— Data for this exercise —
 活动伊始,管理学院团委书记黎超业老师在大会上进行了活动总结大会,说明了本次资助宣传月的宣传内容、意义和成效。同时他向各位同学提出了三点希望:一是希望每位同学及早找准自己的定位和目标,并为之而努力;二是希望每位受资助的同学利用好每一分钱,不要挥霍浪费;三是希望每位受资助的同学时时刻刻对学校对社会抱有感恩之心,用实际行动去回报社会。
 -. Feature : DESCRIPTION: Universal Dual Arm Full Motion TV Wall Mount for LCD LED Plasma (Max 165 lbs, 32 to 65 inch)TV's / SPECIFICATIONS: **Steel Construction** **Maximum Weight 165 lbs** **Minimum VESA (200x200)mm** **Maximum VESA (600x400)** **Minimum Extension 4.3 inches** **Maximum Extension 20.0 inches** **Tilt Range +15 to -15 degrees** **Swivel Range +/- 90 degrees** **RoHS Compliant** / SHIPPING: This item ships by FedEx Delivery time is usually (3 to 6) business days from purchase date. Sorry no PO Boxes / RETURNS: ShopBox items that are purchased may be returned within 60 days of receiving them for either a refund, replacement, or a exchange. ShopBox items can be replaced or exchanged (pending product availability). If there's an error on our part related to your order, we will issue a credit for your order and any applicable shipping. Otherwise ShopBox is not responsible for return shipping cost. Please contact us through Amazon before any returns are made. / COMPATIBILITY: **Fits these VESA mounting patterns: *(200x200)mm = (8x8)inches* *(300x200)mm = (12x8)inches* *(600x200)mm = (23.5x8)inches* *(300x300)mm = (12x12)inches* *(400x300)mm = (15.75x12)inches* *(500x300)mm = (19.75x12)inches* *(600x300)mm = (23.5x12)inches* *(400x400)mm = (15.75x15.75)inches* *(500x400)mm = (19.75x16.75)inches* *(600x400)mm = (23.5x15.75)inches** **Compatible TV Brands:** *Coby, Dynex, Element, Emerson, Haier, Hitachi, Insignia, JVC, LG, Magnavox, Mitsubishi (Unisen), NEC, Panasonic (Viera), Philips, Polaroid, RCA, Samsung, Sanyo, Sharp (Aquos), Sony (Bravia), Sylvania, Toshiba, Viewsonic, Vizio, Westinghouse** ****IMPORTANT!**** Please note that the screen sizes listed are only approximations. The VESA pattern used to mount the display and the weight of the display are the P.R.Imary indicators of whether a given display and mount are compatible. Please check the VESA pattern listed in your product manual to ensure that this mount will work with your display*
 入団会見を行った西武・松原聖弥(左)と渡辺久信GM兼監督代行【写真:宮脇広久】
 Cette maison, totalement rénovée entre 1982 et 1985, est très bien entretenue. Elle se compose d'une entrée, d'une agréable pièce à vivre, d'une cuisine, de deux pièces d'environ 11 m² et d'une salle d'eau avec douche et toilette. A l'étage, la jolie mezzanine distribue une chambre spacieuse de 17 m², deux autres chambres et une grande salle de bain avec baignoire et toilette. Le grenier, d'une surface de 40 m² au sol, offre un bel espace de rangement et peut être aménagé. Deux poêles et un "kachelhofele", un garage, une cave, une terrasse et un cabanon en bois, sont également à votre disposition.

---

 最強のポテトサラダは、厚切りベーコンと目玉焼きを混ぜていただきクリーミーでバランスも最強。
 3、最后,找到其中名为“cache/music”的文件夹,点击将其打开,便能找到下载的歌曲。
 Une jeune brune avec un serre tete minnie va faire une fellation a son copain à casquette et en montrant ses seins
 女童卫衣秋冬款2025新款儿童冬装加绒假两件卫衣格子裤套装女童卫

--

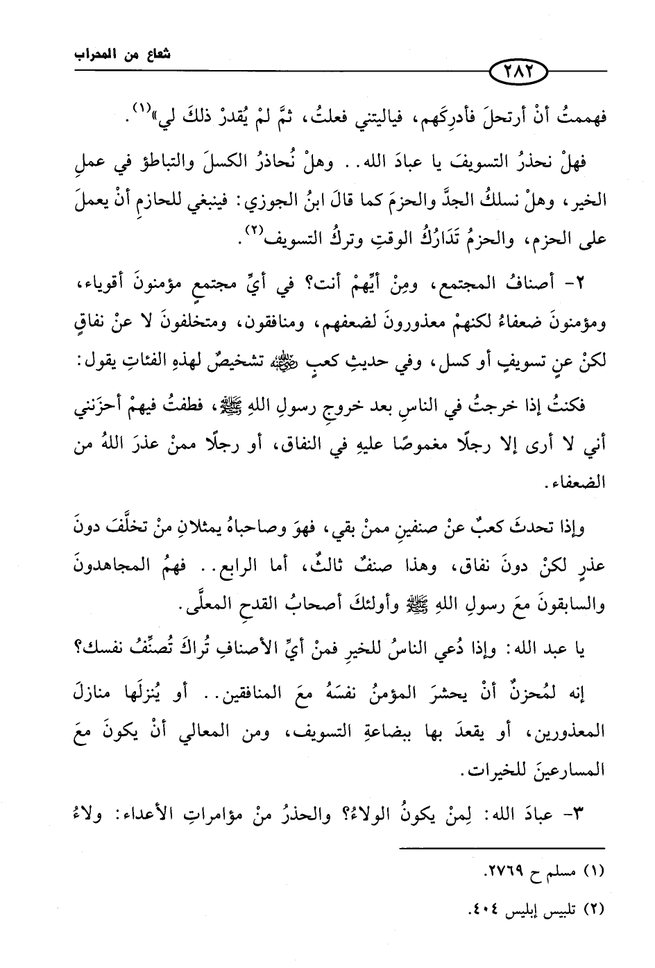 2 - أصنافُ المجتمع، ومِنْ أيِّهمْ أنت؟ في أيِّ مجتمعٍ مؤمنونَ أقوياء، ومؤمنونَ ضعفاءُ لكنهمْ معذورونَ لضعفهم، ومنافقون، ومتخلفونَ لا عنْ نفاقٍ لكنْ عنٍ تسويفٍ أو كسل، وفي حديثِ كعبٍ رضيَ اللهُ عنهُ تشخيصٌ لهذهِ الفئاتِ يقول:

— Work task —
Starting at the line that has "入団会見を行った西武・松原聖弥(左)と渡辺久信GM兼監督代行【写真:宮脇広久】" and ending at the line that has "Cette maison, totalement", please write out the lines above exactly, leaving out all others.

— Answer to the exercise —
 入団会見を行った西武・松原聖弥(左)と渡辺久信GM兼監督代行【写真:宮脇広久】
 Cette maison, totalement rénovée entre 1982 et 1985, est très bien entretenue. Elle se compose d'une entrée, d'une agréable pièce à vivre, d'une cuisine, de deux pièces d'environ 11 m² et d'une salle d'eau avec douche et toilette. A l'étage, la jolie mezzanine distribue une chambre spacieuse de 17 m², deux autres chambres et une grande salle de bain avec baignoire et toilette. Le grenier, d'une surface de 40 m² au sol, offre un bel espace de rangement et peut être aménagé. Deux poêles et un "kachelhofele", un garage, une cave, une terrasse et un cabanon en bois, sont également à votre disposition.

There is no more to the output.